▶ _WORK INSTRUCTIONS_:
Once the line holding "İlk defa oy" is written out, stop; begin at the first line of the material below and retype exactly, dropping pictures.

▶ _DATA_:
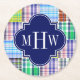 Preppy Patchwork Madras Navy Quatrefoil Monogram Runder Pappuntersetzer
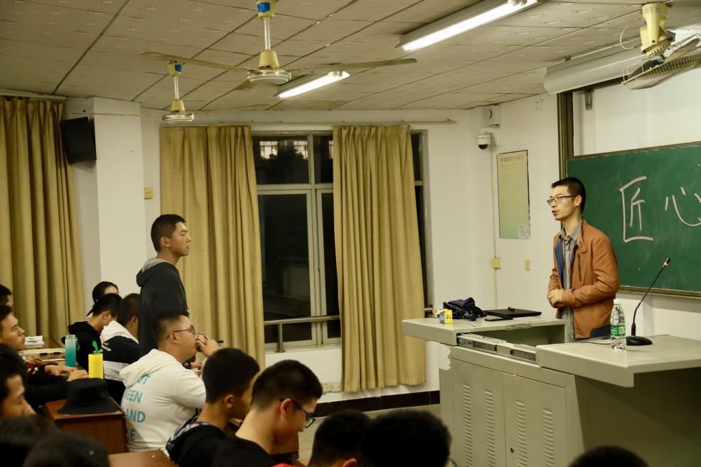 2019年10月22日晚,在开云kaiyun体育金盆岭校区12教315室,长理匠心学堂通识讲坛继续开展,汽机学院高凯博士与研究生朱宁为同学们作了题为“新工科背景下机械类本科生如何进行科研活动”的讲座。
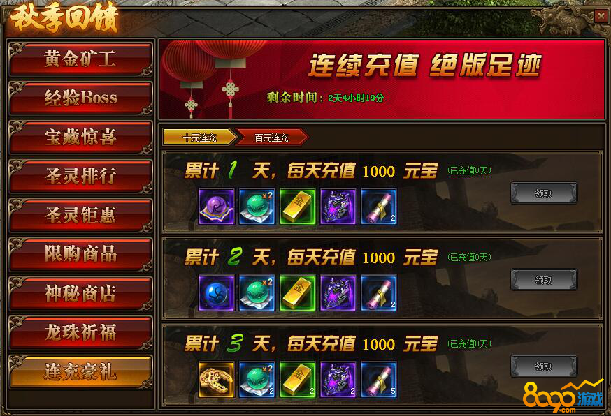 1、活动期间,每天充值10元,100元可领取相应奖励。
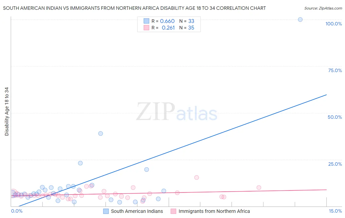 South American Indian vs Immigrants from Northern Africa Disability Age 18 to 34 Correlation Chart
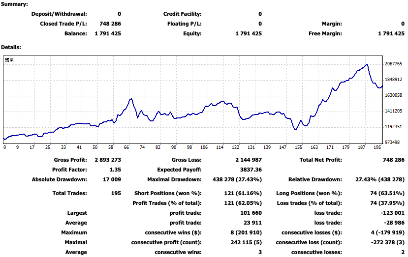 以下にフォワードの結果を掲載します。含み損があいにく計測できておらず、ロスカットはしていませんでしたが60%強くらいまではいった日があったかと思います。
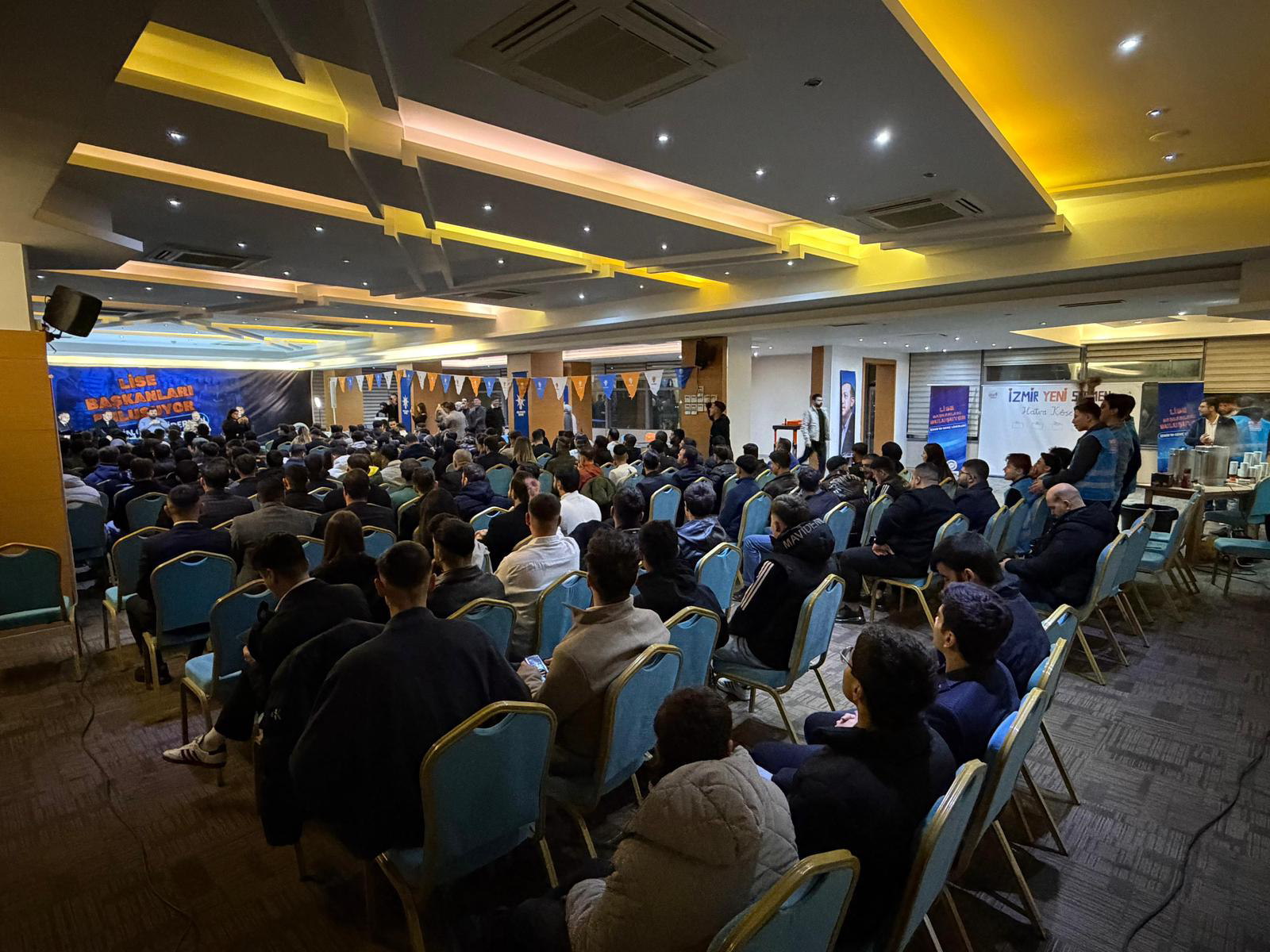 İlk defa oy kullanacak gençlerin yoğun ilgi gösterdiği buluşmaya; AK Parti İzmir İl Gençlik Kolları Başkanı Mehmet Emin İçelli, İzmir Büyükşehir Belediyesi AK Parti Grup Başkan Vekili Hakan Yıldız ve AK Parti Genel Merkez Gençlik Kolları Yeni Seçmen Başkanı Tolunay Kutluay katıldı.
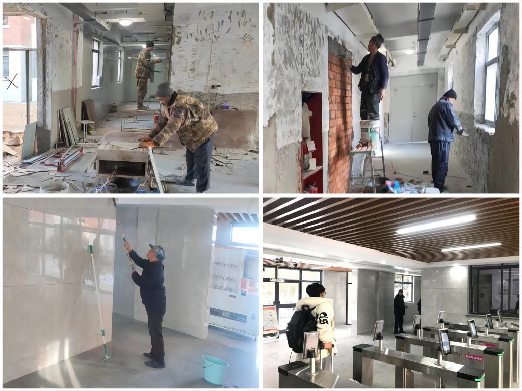 打造U+”空间,优化生活环境。抢抓寒假建设机遇期,于假期期间开展“U+”空间建设工作,对学生公寓ABC三区12个门厅进行改造建设,铲除旧墙皮并铺贴瓷砖、室内吊顶、更新照明灯具,将内侧门厅外移,拓展大厅空间,增设大厅休息沙发,增设外侧门厅门头装饰,提升学生公寓门厅时尚范儿!
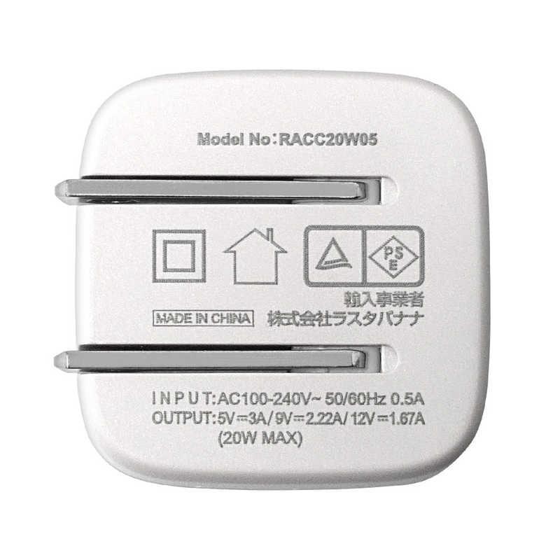 ラスタバナナ RastaBanana PD20W対応 TYPE-C1ポート AC充電器 ホワイト RACC20W05WH

▶ _REPLY_:
 Preppy Patchwork Madras Navy Quatrefoil Monogram Runder Pappuntersetzer
 2019年10月22日晚,在开云kaiyun体育金盆岭校区12教315室,长理匠心学堂通识讲坛继续开展,汽机学院高凯博士与研究生朱宁为同学们作了题为“新工科背景下机械类本科生如何进行科研活动”的讲座。
 1、活动期间,每天充值10元,100元可领取相应奖励。
 South American Indian vs Immigrants from Northern Africa Disability Age 18 to 34 Correlation Chart
 以下にフォワードの結果を掲載します。含み損があいにく計測できておらず、ロスカットはしていませんでしたが60%強くらいまではいった日があったかと思います。
 İlk defa oy kullanacak gençlerin yoğun ilgi gösterdiği buluşmaya; AK Parti İzmir İl Gençlik Kolları Başkanı Mehmet Emin İçelli, İzmir Büyükşehir Belediyesi AK Parti Grup Başkan Vekili Hakan Yıldız ve AK Parti Genel Merkez Gençlik Kolları Yeni Seçmen Başkanı Tolunay Kutluay katıldı.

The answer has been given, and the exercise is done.